Correspondance de Voltaire/1759/Lettre 3872

Correspondance de Voltaire/1759
Correspondance : année 1759GarnierŒuvres complètes de Voltaire, tome 40 (p. 122-123).

3872. — À M. LE COMTE D’ARGENTAL.
Aux Délices, 15 juin.

Mon divin ange parmesan, je reçois enfin un mot de votre écriture céleste, et un volume de critiques de Scaliger, de la main de madame l’Envoyée de Parme[1]. Sa négociation ne sera pas difficile. Vous ne songez pas qu’il s’est passé trois semaines entre l’envoi de la chevalerie[2] et votre réponse ; et que, pendant trois semaines, il faut bien qu’une tragédie ait le temps de changer de visage : aussi en a-t-elle changé tous les jours. Je viens d’entrevoir quelques critiques auxquelles j’ai répondu, il y a plus de quinze jours, par des vers bons ou mauvais.

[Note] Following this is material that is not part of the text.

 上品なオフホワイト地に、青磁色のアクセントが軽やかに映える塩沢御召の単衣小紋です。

Quelque respect que j’aie pour ce barbare de grand homme Pierre Ier, je l’abandonne à tout moment pour mes chevaliers. Les terres me désolent, M. d’Espagnac[3] m’opprime, les fermiers généraux me tourmentent ; j’ai peu de foin ; et cependant il faut faire des tragédies et des histoires avec une santé déplorable. Mlle Fel a beau adoucir mes maux par son joli gosier, la tête va me tourner.

Mon cher ange, quelle différence de M. le duc de Choiseul à monsieur l’abbé[4] ! Cependant vous n’aviez point hébergé,


Alimenté, rasé, désaltéré, porté[5]

M. le duc de Choiseul. J’augure bien de nos affaires entre les

mains d’un homme qui pense si noblement, qui fait du bien à ses amis : c’est une belle âme. Dites-moi donc un peu, n’est-il pas très-bien avec la personne[6] envers qui on prétend que Dabet fut ingrate ?

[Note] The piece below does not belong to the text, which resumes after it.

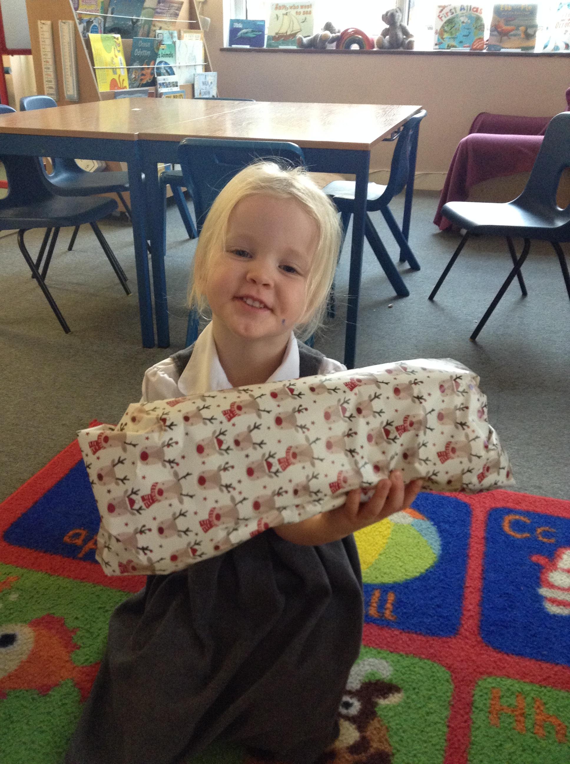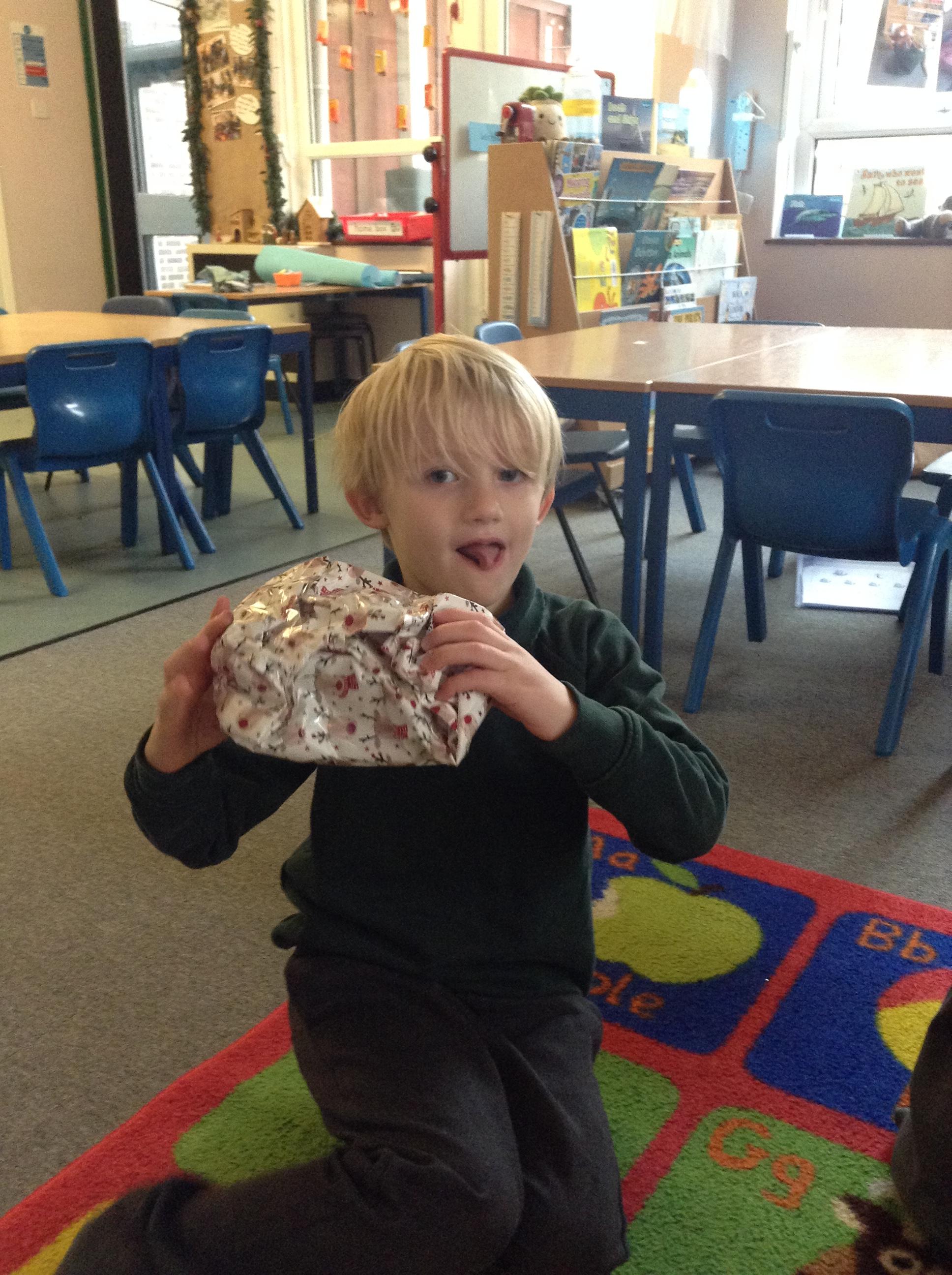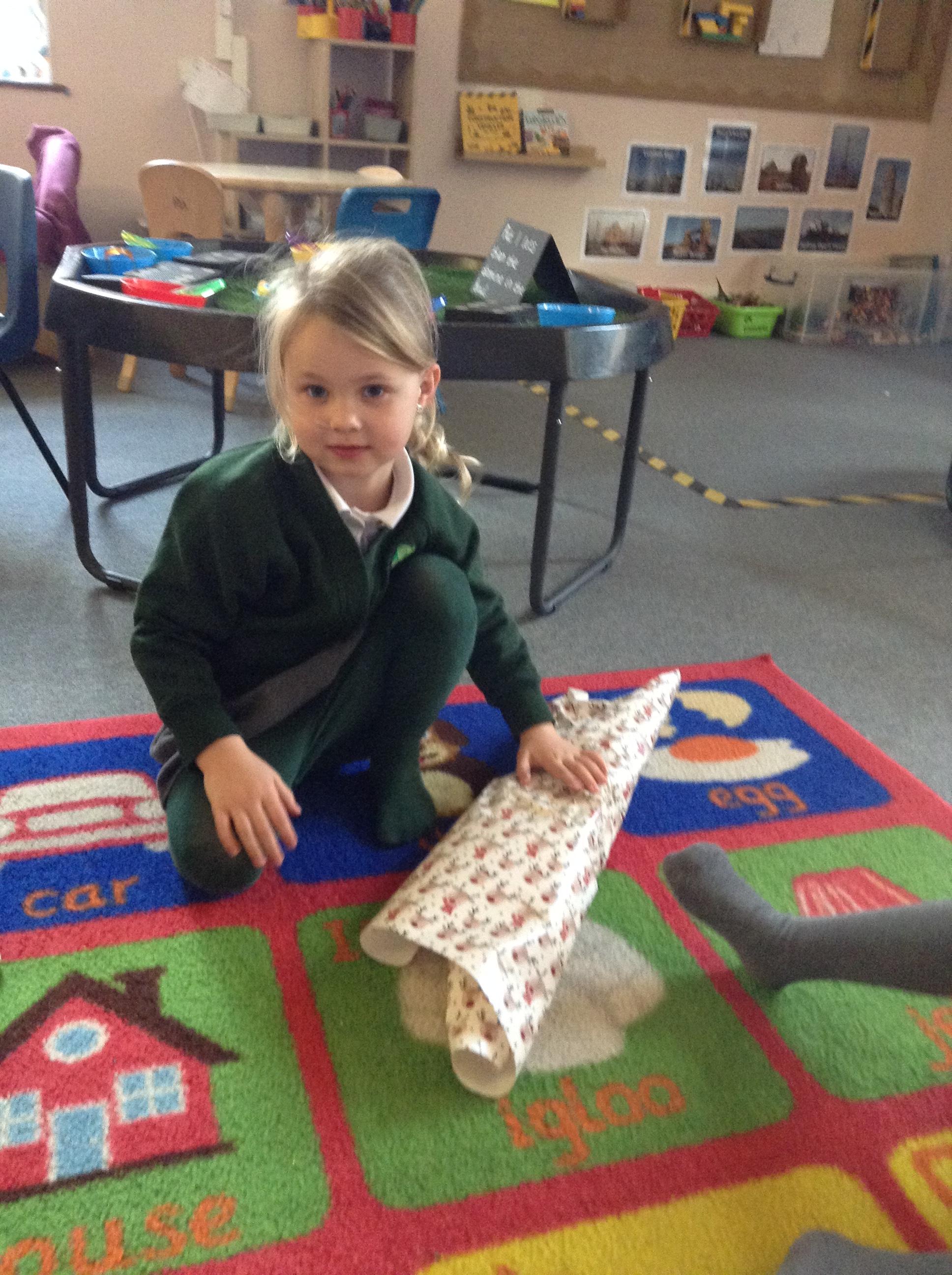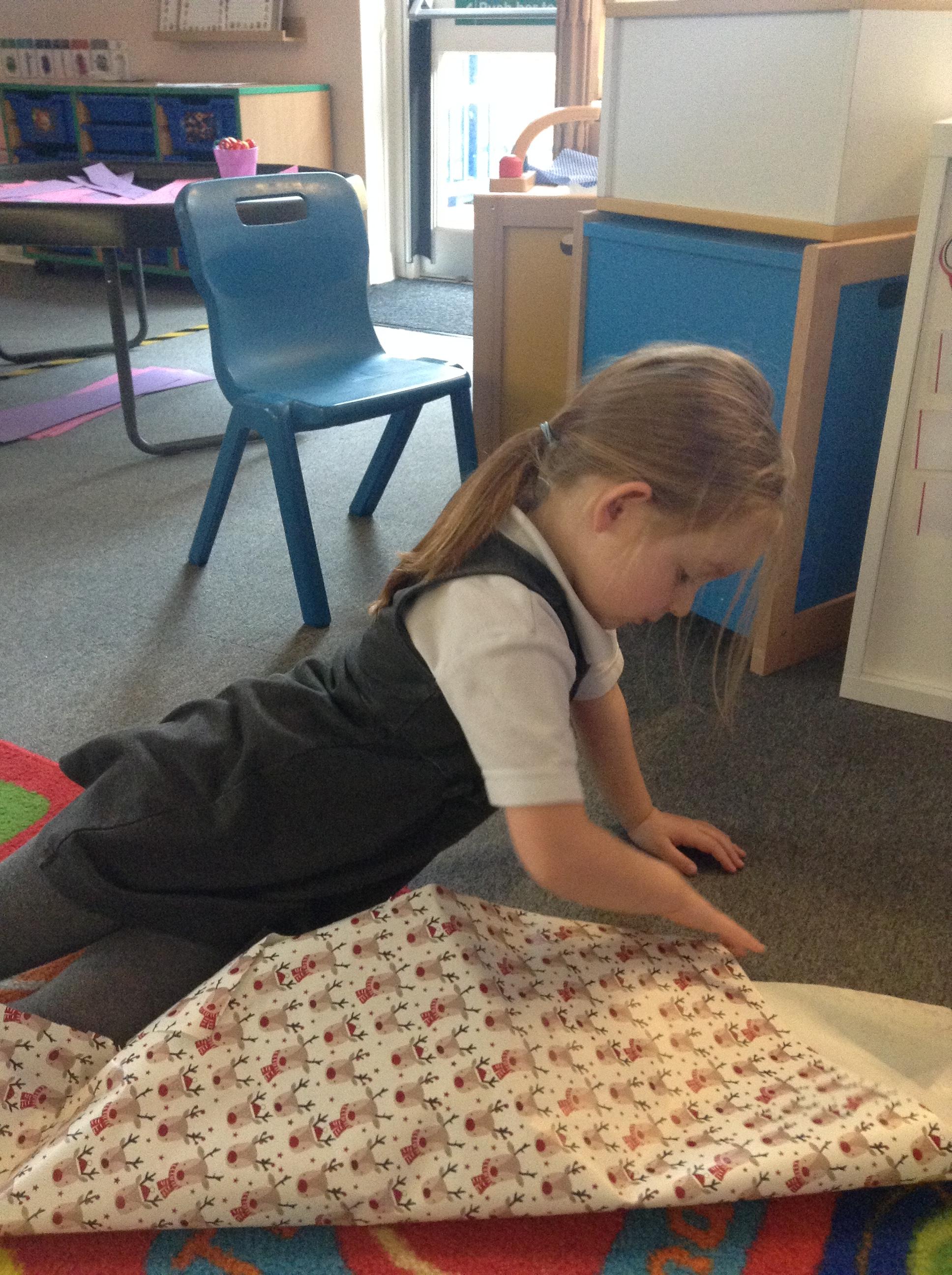The reception children have been talking about their Christmas traditions and thinking about the Christmas story. We have been listening to some Christmas carols and then we had a parcel wrapping challenge!

Ah çà, combien de fromages de Parmesan vous donne-t-on par année ? N’est-ce pas douze mille ?

Je veux que mon ange soit à son aise. Vraiment M. le duc de Choiseul a eu très-grande raison de créer ce poste ; le beau-père Stanislas a un ministre, et le gendre[7] n’en aurait pas ?

La poste part ; je n’ai pas eu le temps de lire le volume de Mme d’Argental ; je vais le dévorer. Je baise le bout de vos ailes, à tous tant que vous êtes.

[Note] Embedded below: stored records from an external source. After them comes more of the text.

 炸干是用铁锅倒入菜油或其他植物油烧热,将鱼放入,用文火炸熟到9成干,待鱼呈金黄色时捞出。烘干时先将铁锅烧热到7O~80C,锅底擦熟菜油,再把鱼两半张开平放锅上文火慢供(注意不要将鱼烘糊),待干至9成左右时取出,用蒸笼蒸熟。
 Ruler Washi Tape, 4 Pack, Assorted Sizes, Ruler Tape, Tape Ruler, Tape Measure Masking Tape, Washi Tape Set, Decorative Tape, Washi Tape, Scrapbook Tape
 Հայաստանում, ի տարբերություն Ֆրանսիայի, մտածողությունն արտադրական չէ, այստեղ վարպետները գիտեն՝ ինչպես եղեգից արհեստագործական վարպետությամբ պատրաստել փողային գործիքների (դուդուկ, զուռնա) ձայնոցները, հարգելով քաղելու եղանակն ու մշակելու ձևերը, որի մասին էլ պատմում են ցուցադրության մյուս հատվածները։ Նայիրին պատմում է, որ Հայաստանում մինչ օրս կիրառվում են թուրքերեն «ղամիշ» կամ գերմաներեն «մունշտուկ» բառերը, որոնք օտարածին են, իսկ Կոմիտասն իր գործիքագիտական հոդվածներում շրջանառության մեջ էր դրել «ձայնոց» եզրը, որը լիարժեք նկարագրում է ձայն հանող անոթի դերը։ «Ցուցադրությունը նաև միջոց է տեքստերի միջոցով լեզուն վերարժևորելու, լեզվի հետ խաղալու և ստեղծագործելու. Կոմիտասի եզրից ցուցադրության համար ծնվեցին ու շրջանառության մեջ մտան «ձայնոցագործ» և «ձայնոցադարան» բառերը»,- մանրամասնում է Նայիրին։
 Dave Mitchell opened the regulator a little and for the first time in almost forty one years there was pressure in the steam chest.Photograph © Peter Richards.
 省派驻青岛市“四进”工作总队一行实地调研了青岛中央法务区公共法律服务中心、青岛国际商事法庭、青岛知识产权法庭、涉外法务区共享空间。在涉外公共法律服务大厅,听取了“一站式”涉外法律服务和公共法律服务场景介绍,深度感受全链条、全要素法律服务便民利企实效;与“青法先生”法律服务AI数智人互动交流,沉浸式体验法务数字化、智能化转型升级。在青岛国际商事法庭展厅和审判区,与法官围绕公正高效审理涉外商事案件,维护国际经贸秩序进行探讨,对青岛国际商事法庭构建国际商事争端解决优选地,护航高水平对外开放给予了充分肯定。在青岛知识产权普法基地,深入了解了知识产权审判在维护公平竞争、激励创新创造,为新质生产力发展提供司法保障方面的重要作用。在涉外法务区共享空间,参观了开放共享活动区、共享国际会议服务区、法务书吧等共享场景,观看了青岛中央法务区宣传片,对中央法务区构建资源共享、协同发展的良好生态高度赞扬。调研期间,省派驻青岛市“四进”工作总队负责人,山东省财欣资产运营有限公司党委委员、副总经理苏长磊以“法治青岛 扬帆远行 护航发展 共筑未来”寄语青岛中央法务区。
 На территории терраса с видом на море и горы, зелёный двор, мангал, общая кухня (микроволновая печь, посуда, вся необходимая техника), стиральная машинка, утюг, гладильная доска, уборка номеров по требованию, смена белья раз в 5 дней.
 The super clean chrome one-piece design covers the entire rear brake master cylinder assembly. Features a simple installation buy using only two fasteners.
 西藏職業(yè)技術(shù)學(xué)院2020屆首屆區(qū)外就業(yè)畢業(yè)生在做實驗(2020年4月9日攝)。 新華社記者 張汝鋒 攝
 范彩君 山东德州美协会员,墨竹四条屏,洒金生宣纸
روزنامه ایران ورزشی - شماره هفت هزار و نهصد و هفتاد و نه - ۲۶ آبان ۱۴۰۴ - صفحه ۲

  1. Voilà pourquoi Voltaire donne à Mme d’Argental le nom de Mme Scaliger, dans de nombreuses lettres.
  2. Tancrède.
  3. De Sahuguet d’Espagnac, conseiller de grand’chambre depuis janvier 1737, et chef du conseil du comte de La Marche.
  4. L’abbé de Bernis. Il venait d’être créé cardinal (2 octobre 1758), lorsqu’il fut remplacé au département des affaires étrangères par le duc de Choiseul.
  5. Vers du Joueur, de Regnard, acte III, scène iv.
  6. La Porapadour, qui passait pour avoir été fort intime avec Babet-Bernis. (Cl.)
  7. Philippe, duc de Parme, avait épousé Louise-Elisabeth, fille de Louis XV, morte à Versailles le 6 décembre 1759, de la petite vérole.